Software System Components 2 - Year 2, Semester 2, Week 9
Concurrency - Dr Steve Vickers
3: Thread examples
This week we look at some particular aspects and examples of threads.
At the end of this week's lectures you should know -
- the idea of thread safety;
- how to use collections safely with threads;
- how to use Swing safely with threads;
- the existence of some useful thread algorithms in the Java
library.
Examples from the library
Now you have seen the basic tools - threads, runnables, locks and
conditions - for dealing with concurrency. It is possible to use these
in many different kinds of thread interaction. In older courses you
would have been taught how to implement some standard examples, but in
fact in the Java 1.5 library this is already done for you. In Java, it is much better to use those library
utilities.
- It saves you work.
- They are standardized, which makes your code easier to understand
for other programmers.
- They have been very carefully written to be safe and efficient;
and any remaining errors can be corrected in future releases.
If you move on to a language other than Java you may have to write your
own implementations; but you should not find this so hard if you first
get used to the standard patterns. Also, the Java library source code
is readable, so you can see what algorithms are used there.
When I describe these utilities, I shall also mention some new features
of Java 1.5 that you may not have seen before.
Producer-consumer buffer
This is a classic pattern which you can find described in many texts
about concurrency.
Imagine a program where a number of threads (the producers) are
producing items, and a number of other threads (the consumers) are
taking those items and processing them in some way. Each consumer can
process any item - it doesn't matter which thread produced it.

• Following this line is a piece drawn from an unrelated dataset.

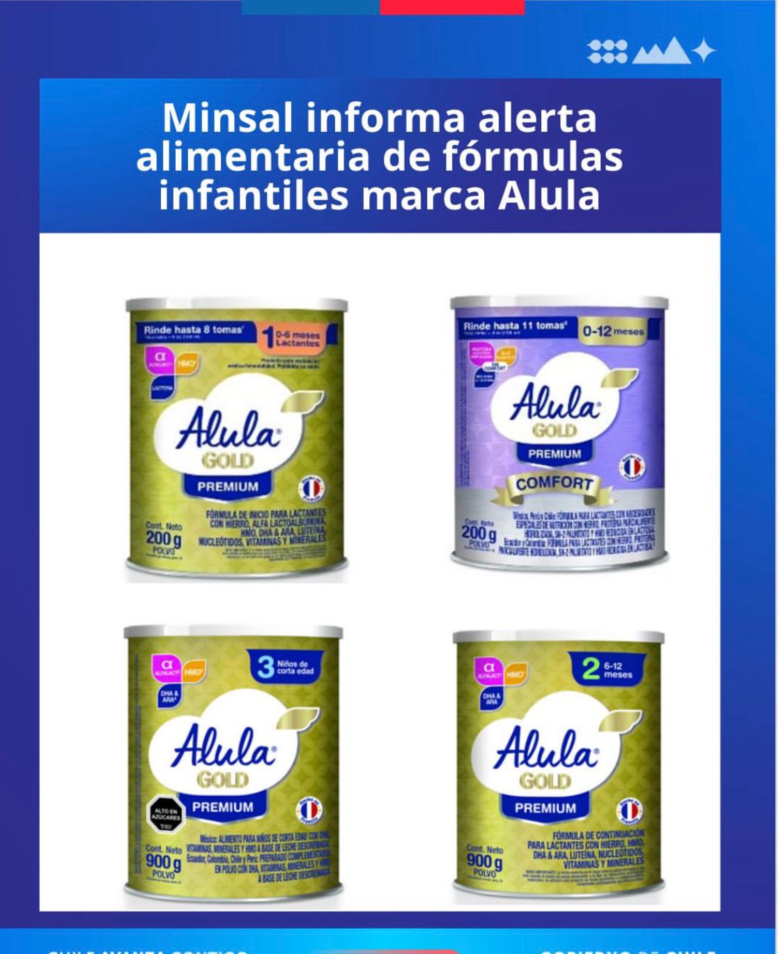 Minsal ordena no consumir fórmulas infantiles Alula Gold por riesgo de intoxicación alimentaria

When an item has been produced, it is stored temporarily in a buffer,
until a consumer is available to process it.
All these threads share a common resource: the buffer. When a producer
stores an item in the buffer, or when a consumer removes it, they must
have exclusive access to the buffer. This is because the buffer must
store various pieces of information to stay, for instance, how many
items it holds, where the next one to read is, etc. The code that
stores or removes an item is a critical region, since if it interfered
with part way through, the buffer will probably be in an inconsistent
state (the buffer has invariants
that must be maintained). Hence the buffer must be protected with a
lock.
However, there are also two conditions
involved. Even if a producer gets the lock, it cannot store an item if
the buffer is full - it must wait for an item to be consumed. And if a
consumer gets the lock, it cannot remove an item if the buffer is empty
- it must wait for an item to be produced.
Hence the standard pattern here is to have some kind of collection for
the buffer, protected by a lock with two conditions. (Exercise: try
this. It is not too hard. One solution is to use an array for the
buffer, with extra fields to say how many items it has and where the
next one is to be stored. You must imagine the array arranged in a
circle.)
In Java this can be done using the interface java.util.concurrent.BlockingQueue<E>.
This is a new part of the collections framework.
What does <E> mean? In older versions of Java,
the elements of a collection were treated as of type Object. That meant that when
you read an element you had to cast it to the type it actually was. In
Java 1.5 you can tell the compiler what type to use for the elements of
a collection, and it can then check that you only store elements of the
right type. The interface BlockingQueue<E>
is a generic type, which
means it covers a range of more specific possibilities specified by
replacing E (which is
like a type parameter) by an actual type. For example, BlockingQueue<String> is
the type of blocking queue whose elements are all strings.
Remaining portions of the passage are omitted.